Cannabis
Germany Tightens Cannabis Reimbursement Rules: Approved Medicines Must Come First
Germany’s Parliament passed the Statutory Health Insurance Contribution Rate Stabilization Act on July 10th, 2026, changing cannabis reimbursement rules. Around 65,000 patients must first try approved cannabis medicines for six months before flowers or extracts qualify for insurance coverage. Critics argue limited approved options, higher costs, and reduced medical freedom may restrict patient access.
On July 10th, 2026, the German Parliament passed the Statutory Health Insurance Contribution Rate Stabilization Act. This finalizes what had existed only as a draft for months. For approximately 65,000 cannabis patients covered by statutory health insurance in Germany, the reimbursement process will fundamentally change. Dried flowers and extracts will become the second-line option; an approved finished medicinal product will take precedence.
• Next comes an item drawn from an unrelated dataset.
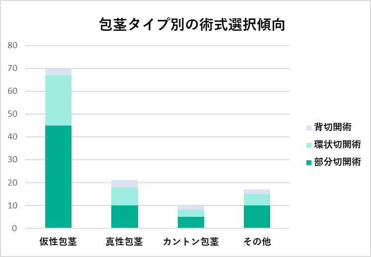 包茎の種類によって選ばれる手術術式には傾向があります。ここでは患者の包茎タイプ別に、選択された術式の構成比を可視化します。

When the Parliament in Germany first debated the end of reimbursement in June, the specific details were still open. Shortly before the vote, it became clear that even the reimbursement of extracts was in jeopardy. Now the final version is available, and it confirms the stricter approach. The cannabis chapter is only a small part of a larger austerity bill, but for those affected, it is the most significant aspect.
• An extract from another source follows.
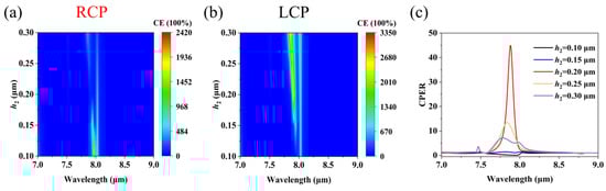 Due to the dominant role of SPP waves excited by the bottom gold stripe grating in the three operating modes, this study investigates the influence of the grating width (s) and thickness (h2) on the device performance. As shown in Figure 4a,b, we examine the relationship between the coupling efficiency (CE) and the response wavelength for different grating widths (s). When RCP light is incident, the CE initially decreases and then increases at the SPP wave response wavelength of 7.9 μm as s varies from 0.3 μm to 0.5 μm, reaching a local minimum at s = 0.5 μm. When LCP light is incident, the CE reaches a local maximum at s = 0.5 μm. It can be observed that at s = 0.5 μm, the SPP effect is suppressed under RCP light and enhanced under LCP light, resulting in a significant difference in CE between the two polarizations. Therefore, the QWIPs exhibits the ability to distinguish the rotational direction of circularly polarized light. Due to the unchanged parameters of the top double L-shaped chiral structures, the response wavelength and intensity of the microcavity effect excited at 8.1 μm tend to stabilize, regardless of whether it is RCP light or LCP light. From Figure 4c, it can be visually observed that the CPER reaches its maximum value at s = 0.5 μm. It should be noted that when s is between 0.3 μm and 0.4 μm, the CPER value between 7.6 μm and 8 μm is less than 1, indicating that under this condition, the CE for RCP light is stronger than that for LCP light.

What the Parliament decided regarding cannabis reimbursement
The core of the new regulation in Germany is a preliminary therapeutic trial. Before health insurance will cover the cost of a cannabis flower or extract, treatment must first be carried out with an approved cannabis-based medicinal product. A period of at least six months is stipulated. Only if this trial is documented as unsuccessful will cannabis flowers and extracts be considered as a reimbursable alternative.
Unlike the original draft bill, the dried flower does not disappear completely from the list of covered services. However, it is relegated to a secondary position. The priority rule explicitly applies to both forms of administration, to the flower as well as to the extract. In practice, the legislator is thus reversing the previous prescribing practice, in which many doctors directly prescribed a compounded prescription.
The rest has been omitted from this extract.